Hacker News new | ask | show | jobs
by TuringNYC 1279 days ago
>> Monetizing models is tricky because it’s so cheap to run locally but so expensive in the cloud.

Can you expand on this a bit? The way i'm thinking, that is only the case if you need low-latency. And in that case, it seems you just need to charge to cover compute.

We're running Stable Diffusion on an eks cluster and it evens out the load across calls and prevents over-resourcing.

If latency isnt an issue, it can be run on non-gpu machines. If you're looking for someone under $300 or $400/mo, then I agree it may be an issue.

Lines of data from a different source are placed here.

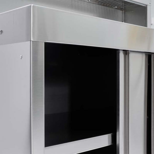 High-quality stainless steel work tables for paint mixing rooms. Made of polished stainless steel to prevent contamination of the paintwork, to prevent rusting and to allow easy cleaning. Fume extraction over the entire work surface at a height of ± 20 cm. Available in two sizes: 120 cm and 180 cm. You can also choose between a version with or without doors. The stainless steel work tables are also available without an extractor hood.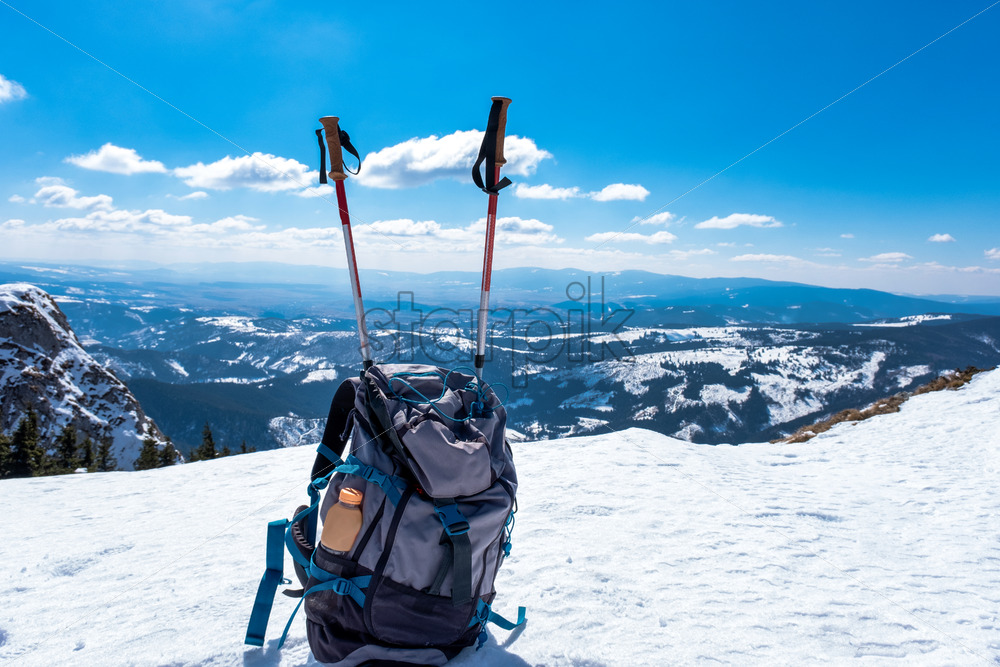 winter landscape in the mountains of Sinaia in a sunny day, a woman skiing, Romania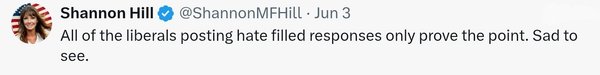 “All of the liberals posting hate filled responses only prove the point. Sad to see.”

On that note, I havent checked whether there are lambda/fargate style options which provide GPU power, to achieve consumption based pricing tied to usage, but that might be a route. Can anyone speak to this?

4 comments

>On that note, I havent checked whether there are lambda/fargate style options which provide GPU power, to achieve consumption based pricing tied to usage, but that might be a route. Can anyone speak to this?

https://lambdalabs.com/service/gpu-cloud

Thanks for this. This is nice and the prices are great...but I was specifically curious about something where consumption can be tied to cost (e.g. lambda/fargate style where you pay by the call)
It's not quite lambda, but GKE auto pilot supports GPU workloads, so it could be a relatively easy way to do this.

You could have a rest service sticking incoming requests into a queue, and then a processor deployment picking off the queue using the GPU resource requests / spot instances. You'd probably also want something to be scaling the processor deployment replicas based on the queue depth and your budget.

I haven't compared the pricing to EKS so unsure if it would really be better financially, but it would avoid having to manage scaling up/down GPU nodes explicitly.

https://cloud.google.com/kubernetes-engine/docs/how-to/autop...

https://www.banana.dev/ have been working on the Lambda-style thing. I haven't tried it but looks very impressive.
> If you're looking for someone under $300 or $400/mo, then I agree it may be an issue.

Yeah. These models don’t need special resources to run. As a consumer I would prefer to buy a 4090 and then run everything locally. I don’t want to pay $10 or $20 monthly subs to a half dozen different AI services. All professional software turning into subscription services sucks.

Midjourney charges $30/mo for unlimited “relax” time and 15 hours of fast GPU time. That’s not too bad. But multiply that by 6 services and a 4090 pays for itself in a few months.

Midjourney is completely different from SD on a computational level. SD is optimized for speed, it takes 5 seconds to generate a 512x512, and their internal optimizations are bringing it down to 0.5 seconds (stated on their twitter). To achieve this, they do one-shot generation straight to 512x512, without upscaling slowly from 64x64 -> 256x256 -> 512x512

Midjourney is optimized for quality. It actually does do the gradual upscaling, which is how the Imagen and Ediffi papers demonstrated. This results in far better quality, but extremely taxing and slow. Even on 'fast' mode it runs like a snail compared to SD. I don't think it'll work on anything below a A100.